Licopene: è un carotenoide, da il colore rosso vivace. È importante per la sua capacità di proteggere le cellule e i tessuti dall'azione nociva dei radicali liberi (sostanze che si producono in seguito all'ossidazione delle reazioni chimiche).
I radicali liberi sono responsabili di alcuni tumori e per il processo di invecchiamento delle cellule.
Alcuni studi hanno dimostrato che un consumo regolare di pomodoro riduce la possibilità di vari tipi di cancri in particolare il licopene, che protegge da eventuali cancri agli apparati respiratori.
Uno studio recente ha rilevato che introducendo nella dieta quantità di licopene si riduce del 50% il rischio di attacco cardiaco, perchè i licopene limita l'ossidazione del colesterolo.
Prodotti derivati dal pomodoro
Prodotti ottenuti dalla trasformazione industriale del pomodoro:
- pomodori pelati
- passata
- polpa di pomodoro
- concentrato
- ketchup
- succo di pomodoro.
Pomodori pelati:
Una varietà è il San Marzano, che è un pomodoro di forma allungata e polpa consistente.
I pelati vengono lavati, scelti (vengono eliminati quelli difettosi), messi nell'acqua bollente, vengono scottati e tirata via la pelle, vengono inscatolati, poi si aggiunge un po' di succo di pomodoro, poi vengono pastorizzati a 60°C, poi viene chiusa la scatola ermeticamente, poi vengono sterilizzati a 100°C.
Passata:
il pomodoro subisce gli stessi trattamenti dei pelati.
La passata subisce un trattamento meccanico, mentre la polpa viene triturata finemente e la passata viene triturato in maniera più grossolana.
Succo di pomodoro:
si differenzia dalla passata perché subisce un processo di omogeneizzazione durante il quale le particelle del pomodoro vengono ridotte a qualche millesimo di millimetro.
Il concentrato viene sempre usato nelle nostre industrie.
Oltre alle fasi preliminari i pomodori vengono triturati, setacciati (per eliminare i semi), raffinati (per eliminare le impurità e i residui di bucce/semi).

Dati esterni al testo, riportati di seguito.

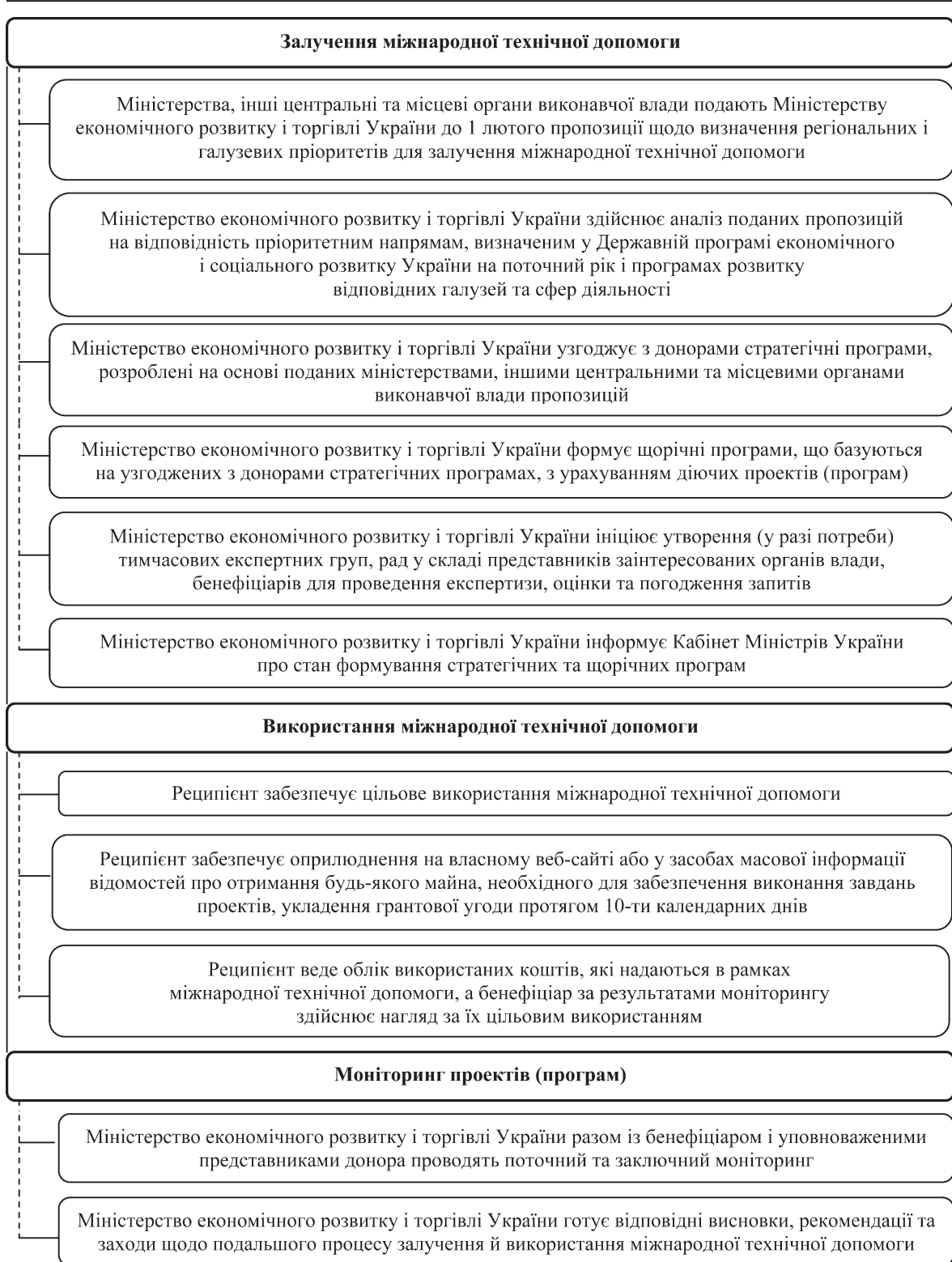
Рисунок 3 — Порядок залучення, використання та моніторингу міжнародної технічної допомоги в Україні (складено автором на основі [9])

пи реалізації проекту (програми); поетапна оцінка стану реалізації проекту (програми); причини виникнення проблем в реалізації проекту (програми); сума освоєних міжнародних фінансових ресурсів; результати реалізації проекту (програми) відповідно до визначених на початку кількісних та/або якісних критеріїв; конкретний вплив проекту (програми) на розвиток відповідної галузі або регіону. Це дозволить забезпечити прозорість та підзвітність уряду, покращити урядовий та громадський контроль, що, у свою чергу,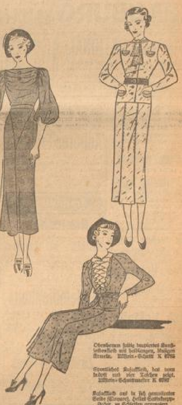
Mod. mit Blau als wertvolle Ergänzung. Helles - Schattenspiel K 477 und K 2166.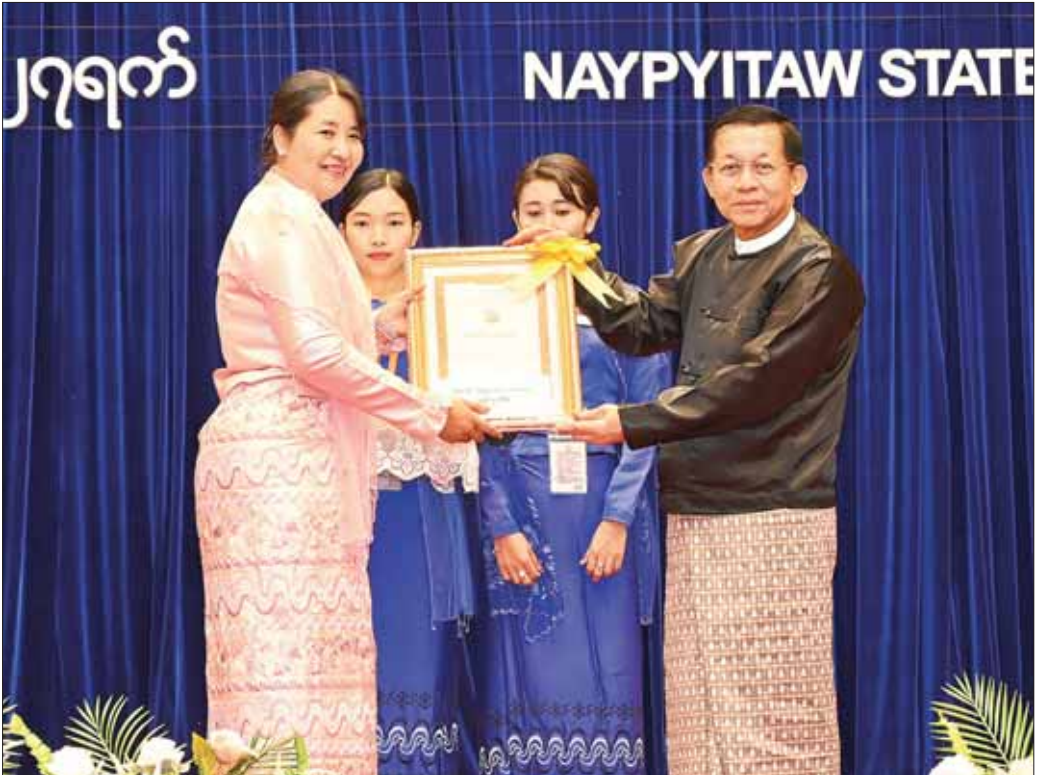
နိုင်ငံတော်စီမံအုပ်ချုပ်ရေးကောင်စီဥက္ကဋ္ဌ နိုင်ငံတော် ဝန်ကြီးချုပ် ဗိုလ်ချုပ်မှူးကြီး မင်းအောင်လှိုင် (၁၇) ကြိမ်မြောက် မြန်မာနိုင်ငံ ဝိဇ္ဇာနှင့်သိပ္ပံပညာရှင် အဖွဲ့ ဆုရရှိသူတစ်ဦးကို ဆုပေးအပ်ချီးမြှင့်စဉ်။

နေပြည်တော် ဇန်နဝါရီ ၂၇ ပညာရေးဝန်ကြီးဌာန၊ (၂၃) ကြိမ်မြောက် ဝိဇ္ဇာ နှင့် သိပ္ပံသုတေသနညီလာခံ ဆုချီးမြှင့်ပွဲနှင့် ဂုဏ်ပြု ညစာစားပွဲအခမ်းအနားကို ယနေ့ညပိုင်းတွင်နေပြည် တော်ရှိ Naypyitaw State Academy ၌ ကျင်းပ ပြုလုပ်ရာ နိုင်ငံတော်စီမံအုပ်ချုပ်ရေးကောင်စီဥက္ကဋ္ဌ နိုင်ငံတော်ဝန်ကြီးချုပ် ဗိုလ်ချုပ်မှူးကြီး မင်းအောင် လှိုင်နှင့်ဇနီး ဒေါ်ကြူကြူလှတို့ တက်ရောက်ချီးမြှင့် သည်။ အခမ်းအနားသို့ နိုင်ငံတော်စီမံအုပ်ချုပ်ရေး ကောင်စီဥက္ကဋ္ဌ နိုင်ငံတော်ဝန်ကြီးချုပ်နှင့် ဇနီးတို့ နှင့်အတူ ကောင်စီတွဲဖက်အတွင်းရေးမှူး ဒုတိယ ဗိုလ်ချုပ်ကြီး ရဲဝင်းဦးနှင့်ဇနီး၊ ကောင်စီအဖွဲ့ဝင်များ နှင့် ဇနီးများ၊ ပြည်ထောင်စုအဆင့်ပုဂ္ဂိုလ်များ၊ ပြည်ထောင်စုဝန်ကြီးများနှင့်ဇနီးများ၊ နေပြည်တော် ကောင်စီဥက္ကဋ္ဌ အဆင့်မြင့်တပ်မတော်အရာရှိကြီး များ၊ နေပြည်တော်တိုင်းစစ်ဌာနချုပ်တိုင်းမှူး၊ ဒုတိယ ဝန်ကြီးများ၊ ပါမောက္ခချုပ်များ၊ ပါမောက္ခများ၊ မြန်မာနိုင်ငံဝိဇ္ဇာနှင့် သိပ္ပံပညာရှင်အဖွဲ့ဥက္ကဋ္ဌနှင့် အဖွဲ့ဝင်များ၊ စာတမ်းရှင်များနှင့် ဖိတ်ကြားထား သူများ တက်ရောက်ကြသည်။ စာမျက်နှာ ၄ ကော်လံ ၁ ◆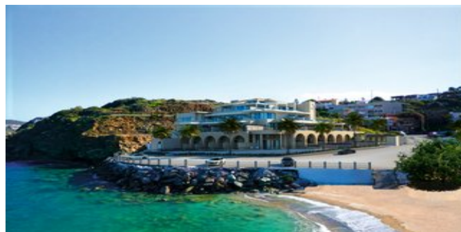
Außenansicht des Hotels

HINWEIS Adults only ☐ das Hotel ist für Gäste ab 16 Jahren buchbar.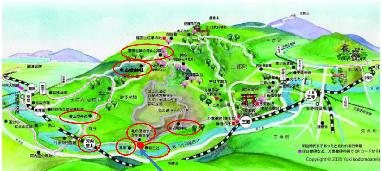
ずいどう 旧大阪鉄道亀瀬隧道（トンネル）

今回の亀の瀬トンネル見学は4月14日、ネットでの予約受付申込からのスタートで、36人の受付に成功しました。天候も心配でしたが、天気にも恵まれ結局、貸切状態で全員見学する事が出来ました。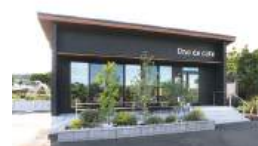
国道286号沿いにある黒壁のモダンな外観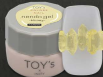
T-CND08 Honey [126039]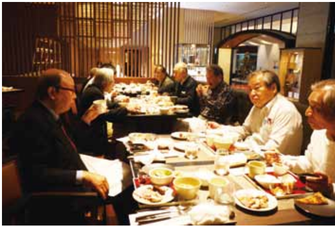
目黒雅叙園での懇親会風景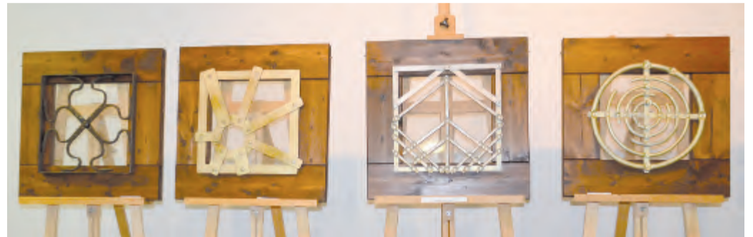
Vizirovací vratové mříže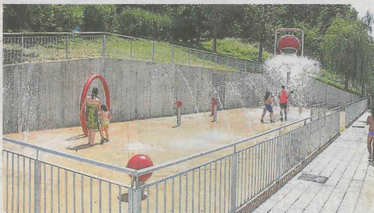
La diversión está asegurada en los juegos de agua de Ongarai.

verano de 2015, la zona de unos 300 metros cuadrados acoge distintos elementos de juego con agua (cañones, chorros verticales, chorros dirigibles, un aro de agua pulverizada y un elemento giratorio que acumula el líquido elemento y después con la oscilación lo vierte en dos tiempos). “La instalación acuática mantendrá este horario continuo hasta el próximo 10 de septiembre”, explicaron fuentes municipales.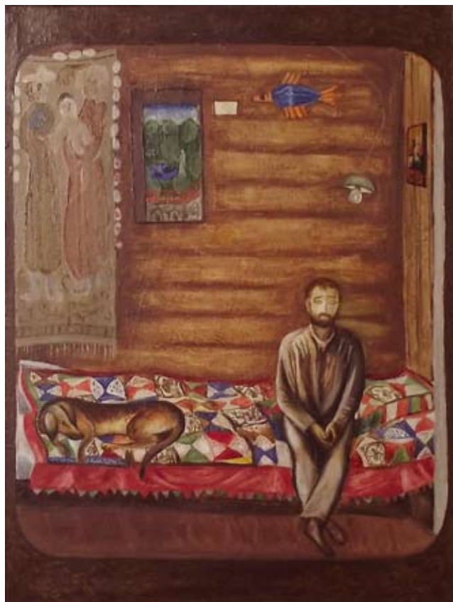
«ИЗ ЖИЗНИ ХУДОЖНИКА». холст, масло. 1974г.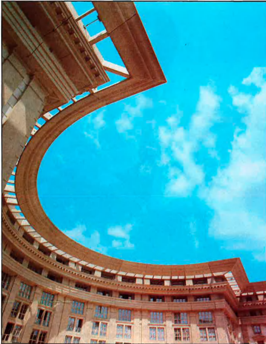
Vistes d'Antigona. Montpeller, 1979-1984. Una de les realitzacions urbanístiques més característiques de Bofill. Consisteix en un barri de nova planta a través del qual, la ciutat de Montpeller s'expandeix cap al riu Lez.

—Ser jueu té problemes, però també avantatges. A tot arreu del món que vagis sempre hi ha una comunitat jueva. Els jueus tenen respecte per l'individu i per les diferències; és un poble perseguit i sap que s'ha de lluitar per la vida, i no vol imposar la seva manera de ser perquè sap que és una minoria.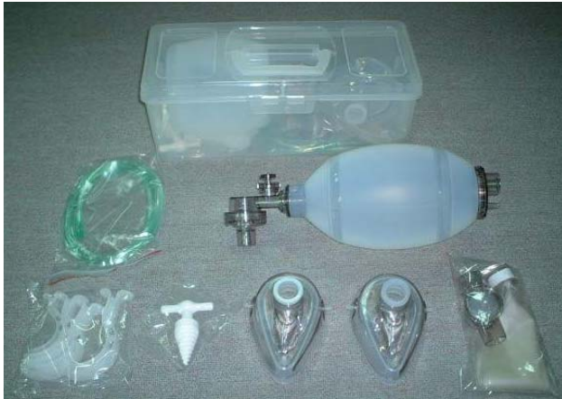
圖一 攜帶式人工甦醒器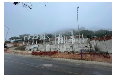
Colocacion de estructura bloque central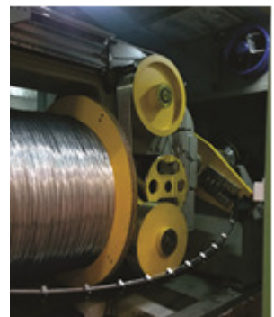
Bügel für große Doppelschlagverseilmaschine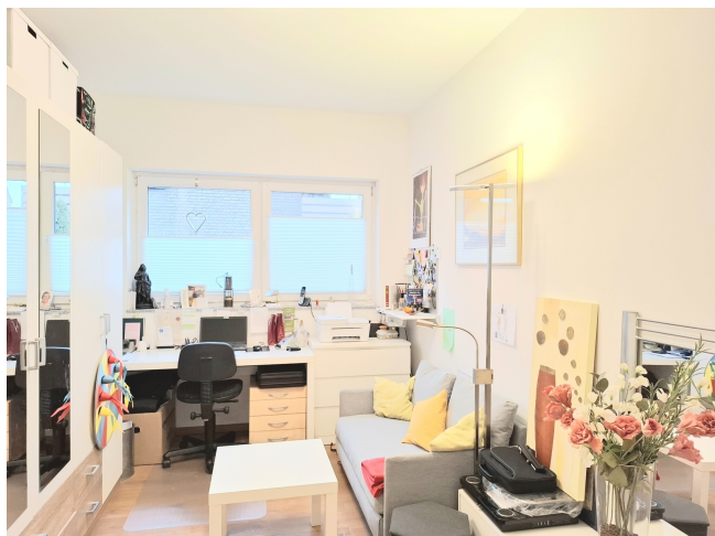
Kinder- / Arbeitszimmer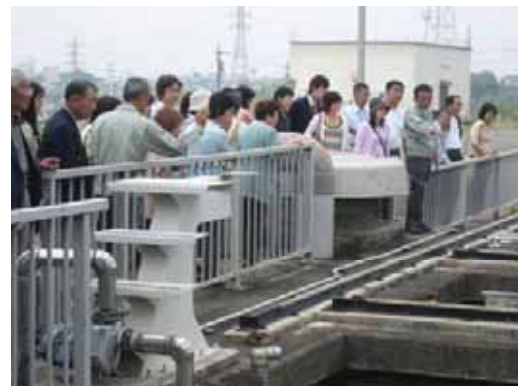
（浄水場見学の様子）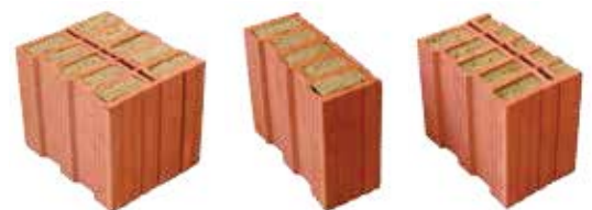
AE/LZ = kombinierter Eck- und Laibungsziegel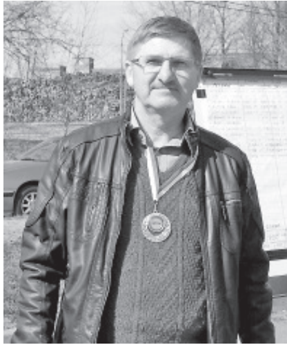
и победители в классе ветеранов.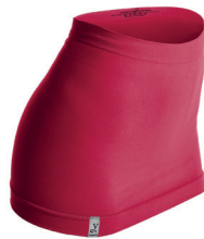
0008 ruby red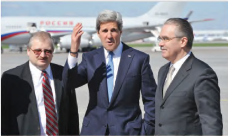
မေ ၇ ရက်က မြို့တော်မော်စကိုရှိ ဗီဇူလိုဝ်လေဆိပ်သို့ ဆိုက်ရောက်လာသော အမေရိကန်နိုင်ငံခြားရေးဝန်ကြီး ဂျွန်ကယ်နီ(အလယ်)။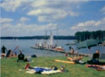
Badespaß am Rothsee

Auch der Winter hat im Fränkischen Seenland seine Reize: Schlittschuhlaufen, Eisstockschießen oder Skilanglauf. Viele Sportanlagen sowie Golf- oder Tennisanlagen laden ebenfalls zum Zeitvertreib ein.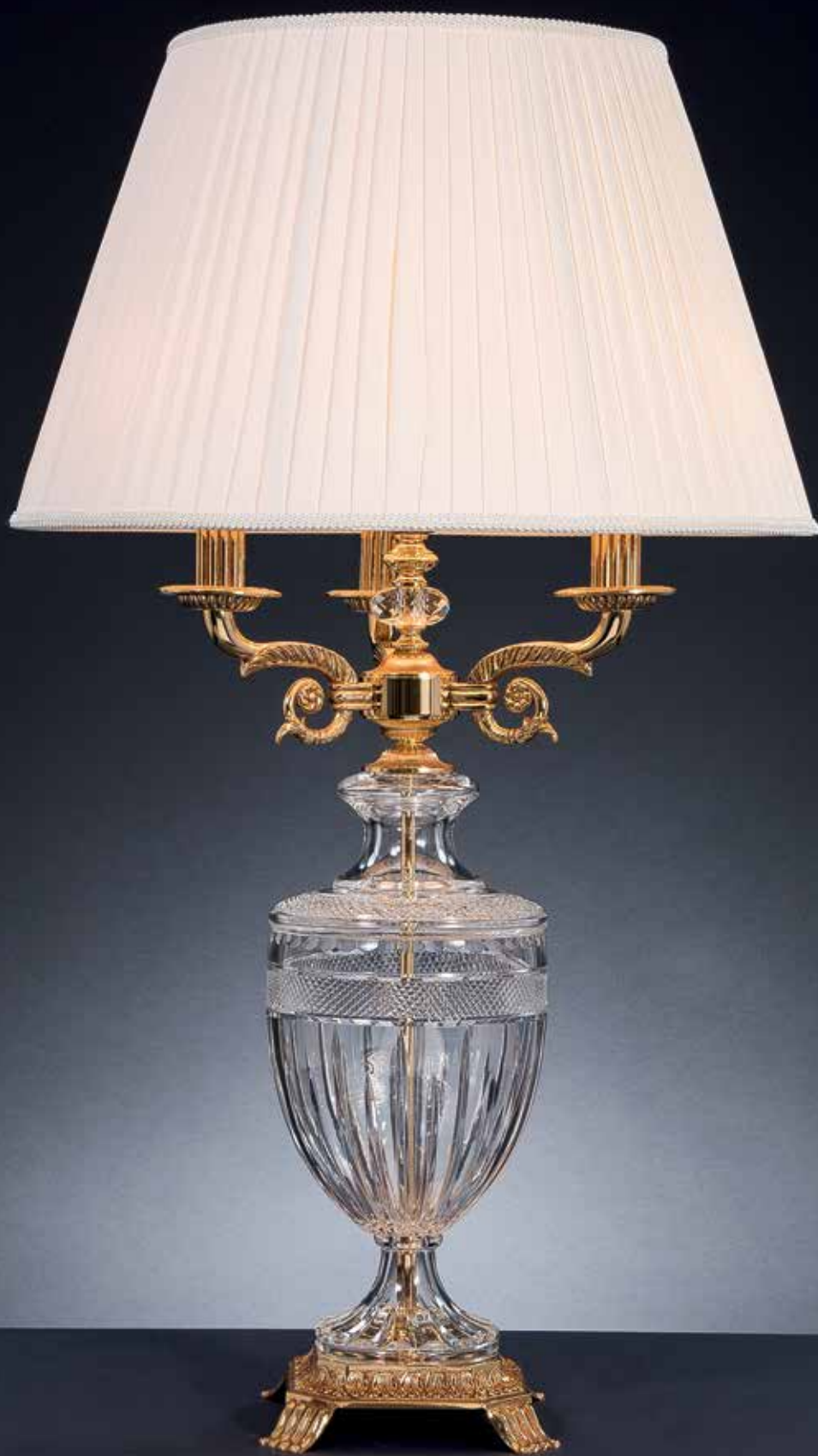
Salina/LG oro francese Ø 50 H 85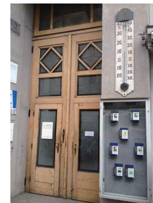
[みゅう]ウィーン入口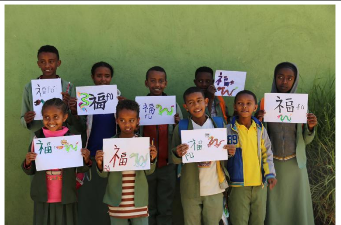
▲受益学生向中国爱心人士送上龙年祝福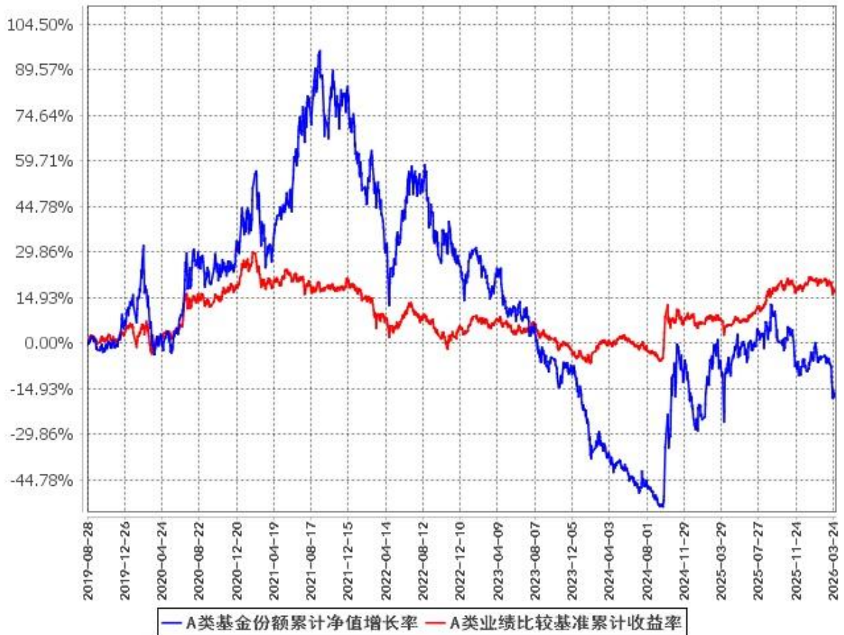
A类基金份额累计净值增长率与同期业绩比较基准收益率的历史走势对比图 (2019年8月28日至2026年3月31日)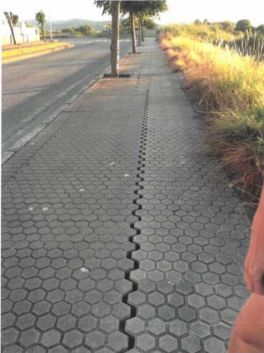
Acera rota. Av. República Puerto Rico.

En este documento, de contener datos de carácter personal objeto de protección, éstos se encuentran omitidos o sustituidos por asteriscos (*) o por PARTICULAR, en cumplimiento de la Ley Orgánica 15/1999, de 13 de diciembre, de Protección de Datos de Carácter Personal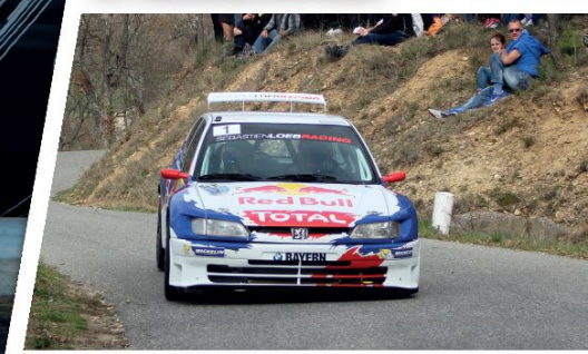
// PEUGEOT 306 MAXI KIT CAR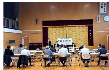
市民と語る会 (二宮コミセン)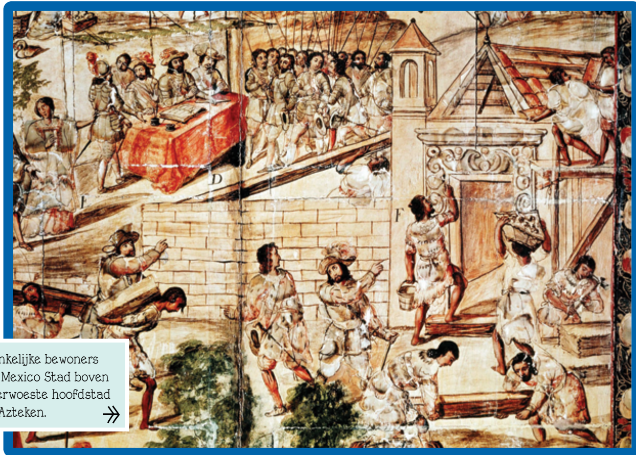
Oorspronkelijke bewoners bouwen Mexico Stad boven op de verwoeste hoofdstad van de Azteken. →

Nadat de Europeanen de Nieuwe Wereld ontdekten, gingen grote aantallen Spaanse soldaten en gelukzoekers de Atlantische Oceaan over, op zoek naar goud en roem.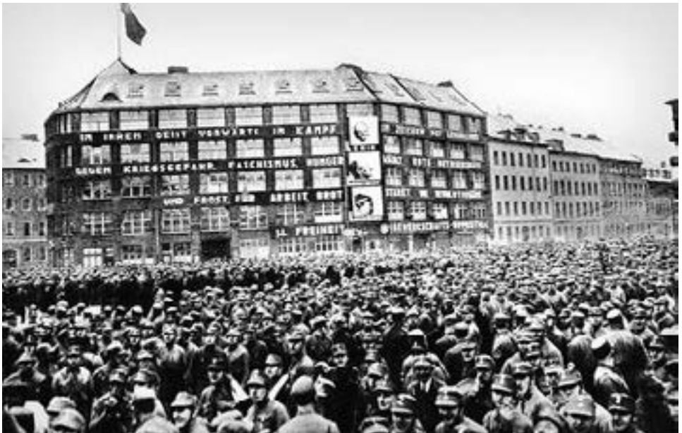
Διαδήλωση των SA μπροστά στα κεντρικά γραφεία του KPD

Στην εκλογική αναμέτρηση του Νοέμβρη του 1932, πέντε μέρες μετά την έναρξη της απεργίας των μεταφορικών, το ποσοστό των ναζί έπεφτε στο 33%. Οι ναζί έχαναν 2.000.000 ψήφους, χωρίς καν να έχουν συμμετάσχει σε κυβερνητικό σχήμα. Αντιθέτως, το KPD έπαιρνε άλλες 600.000 ψήφους από το SPD, φτάνοντας στο 16.9% και τα 6.000.000 ψήφους συνολικά. Το SPD, αντιθέτως, έπεφτε στα 7.200.000 ψήφους με ποσοστό 20.4%. Τα αποτελέσματα αυτά έφεραν τον πανικό στα επιτελεία του μονοπωλιακού κεφαλαίου. Πλέον,

Il concentrato viene fatto con evaporatori, sterilizzatori, e infine confezionato.
Tipi di concentrati:
- semi concentrato: residuo secco > 12 %
- concentrato: residuo secco > 18%
- doppio concentrato: residuo secco: > 28%
- triplo concentrato: > 36%
- sestuplo concentrato: > 55%
Processo di produzione del ketchup
Ketchup:
Si ottiene prendendo il pomodoro fresco o concentrato, si aggiunge sale, zucchero, aceto, spezie.
Contrariamente a quello che si pensa il ketchup contiene pochissime calorie, perché lo zucchero è l'unico ingrediente calorico e viene aggiunto in minima quantità.
Domande da interrogazione
- Qual è l'origine botanica del pomodoro e quali altre piante appartengono alla stessa famiglia?
- Perché il pomodoro non era consumato in Europa fino al 700-800?
- Quali sono le condizioni ideali per la coltivazione del pomodoro?
- Quali sono i principali benefici nutrizionali del pomodoro?
- Quali sono i principali prodotti derivati dal pomodoro e come vengono trasformati?
Il pomodoro, scientificamente noto come Lycopersicon Esculentum, è una solanacea, come melanzane e patate.
In Europa, il pomodoro era considerato una pianta ornamentale e si credeva fosse tossico, quindi non veniva mangiato fino alla fine del 700, quando venne cucinato per la prima volta.
Il pomodoro predilige un clima caldo-umido, necessita di temperature tra 22-25°C per la crescita e si adatta a vari tipi di terreno, preferendo quelli ben drenati.
Il pomodoro è ricco di antiossidanti come il licopene e il betacarotene, che combattono i radicali liberi e possono ridurre il rischio di malattie, rendendolo un "nemico della vecchiaia".
I prodotti derivati includono pomodori pelati, passata, polpa, concentrato e ketchup, ognuno dei quali subisce specifici processi di lavorazione per garantire qualità e conservazione.